PROVIDED DATA:
^^^^

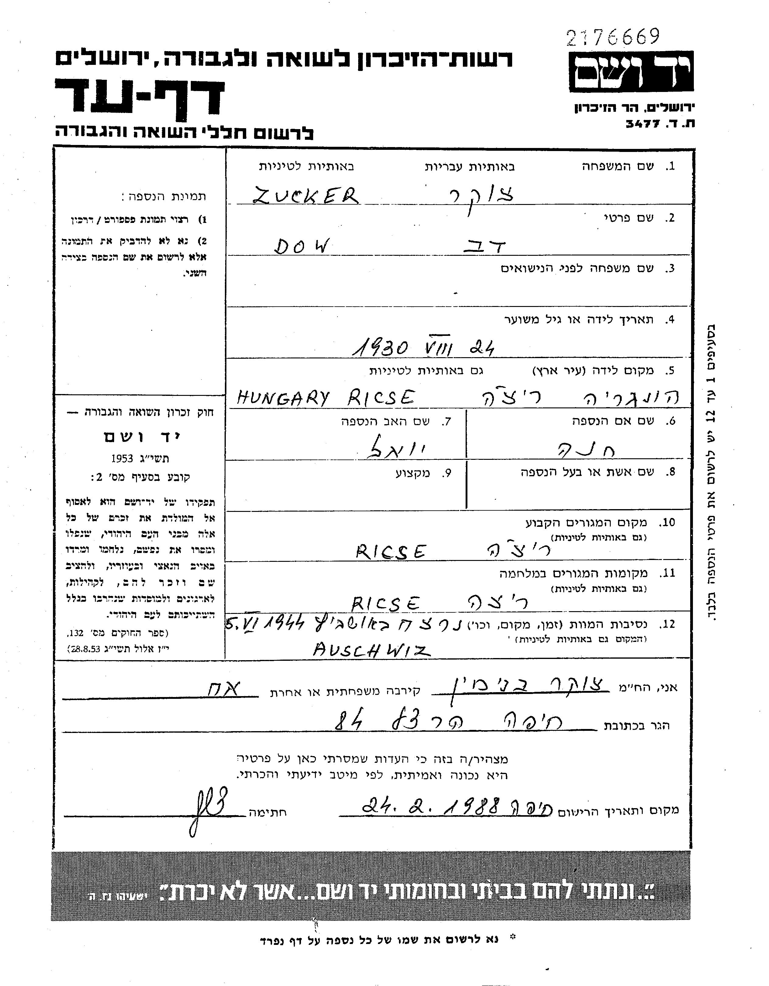 Цукер Дов 1930 Риче, Венгрия Лист свидетельских показаний
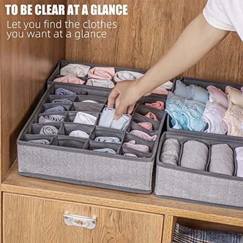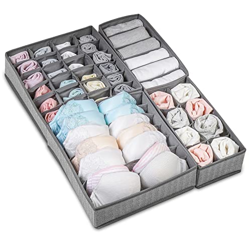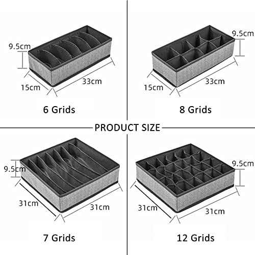 Generic - مجموعة منظمات أدراج قماشية قابلة للطي مزودة بفواصل لتنظيم وتخزين للشرابات والملابس الداخلية والبانتيهات وحمالات الصدر، 4 قطع، رمادي
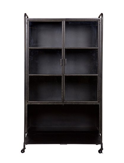 Die Metallvitrine von de Eekhoorn im Industrie Design ist dank ihrer Rollen trotz der Größe jederzeit beweglich. Die Metallvitrine eignet sich perfekt für die Küche, und kann jederzeit äußerst dekorativ Mengen an Geschirr verstauen. Die schwarze Vitrine hat drei Fächer hinter zwei Glastüren (mit sichtbaren Scharnieren) und ein Klappfach mit Kassettenfüllung. Die Vitrine wird zerlegt geliefert.Details:
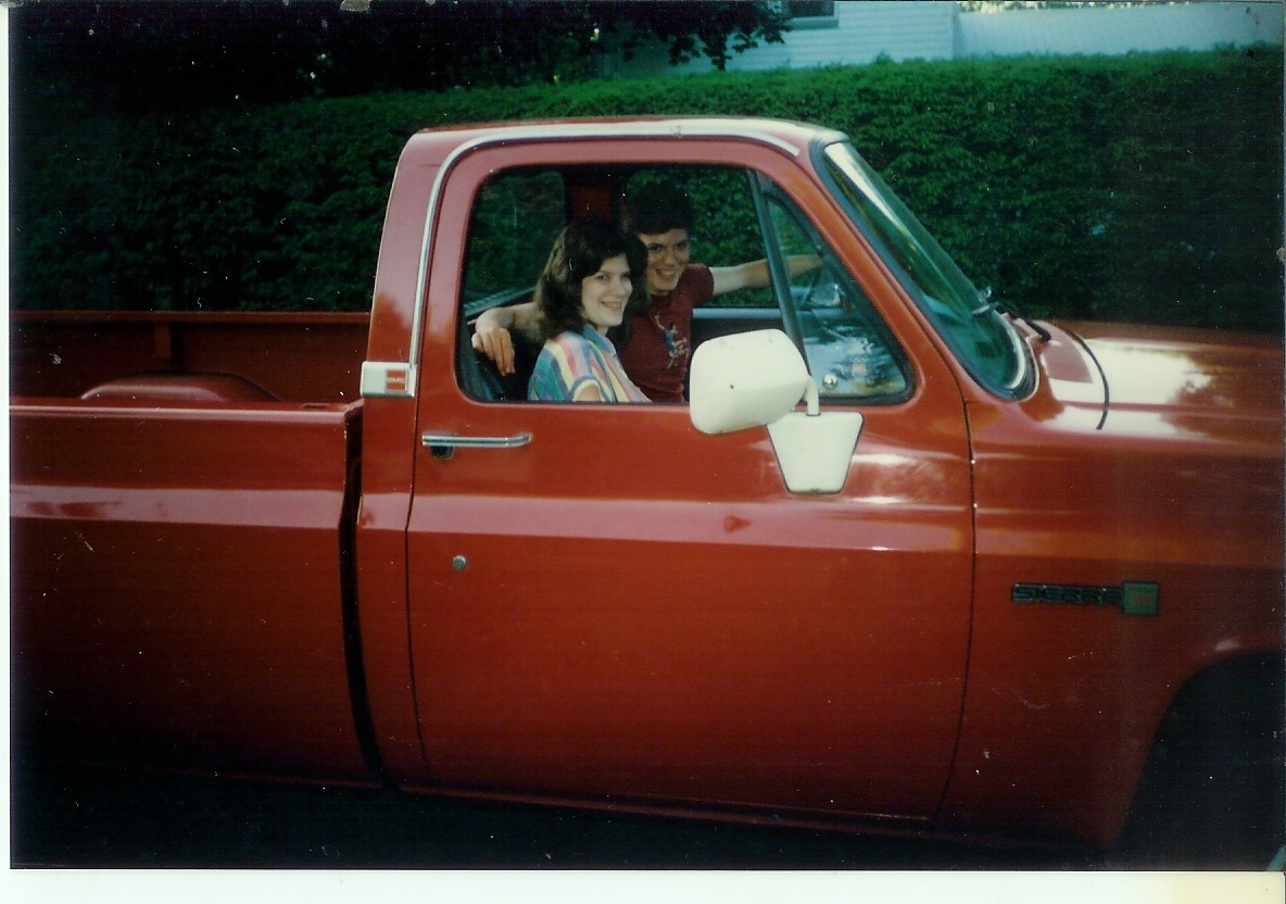 This is my Dads truck I was talking about. Taken in the late 80’s. I had just polished it. My sister is in the cab with me. She had been in an accident and needed to use a wheelchair and could get around with a walker a little bit. It took some doing ( I had to pick her up to get her in the cab). I took her for a joy ride and an ice cream cone. She passed away in 2002. It was a fun day. That thing had a 350 with a 4 speed. I drove her all around town. She had a grin on her face from ear to ear the entire time.

^^^^

WHAT IS REQUIRED: Pictures stay out of this copy. Retype exactly the lines from the one with "Die Metallvitrine von" through the last line of the data, both ends included, and nothing more.

TASK OUTPUT:
 Die Metallvitrine von de Eekhoorn im Industrie Design ist dank ihrer Rollen trotz der Größe jederzeit beweglich. Die Metallvitrine eignet sich perfekt für die Küche, und kann jederzeit äußerst dekorativ Mengen an Geschirr verstauen. Die schwarze Vitrine hat drei Fächer hinter zwei Glastüren (mit sichtbaren Scharnieren) und ein Klappfach mit Kassettenfüllung. Die Vitrine wird zerlegt geliefert.Details:
 This is my Dads truck I was talking about. Taken in the late 80’s. I had just polished it. My sister is in the cab with me. She had been in an accident and needed to use a wheelchair and could get around with a walker a little bit. It took some doing ( I had to pick her up to get her in the cab). I took her for a joy ride and an ice cream cone. She passed away in 2002. It was a fun day. That thing had a 350 with a 4 speed. I drove her all around town. She had a grin on her face from ear to ear the entire time.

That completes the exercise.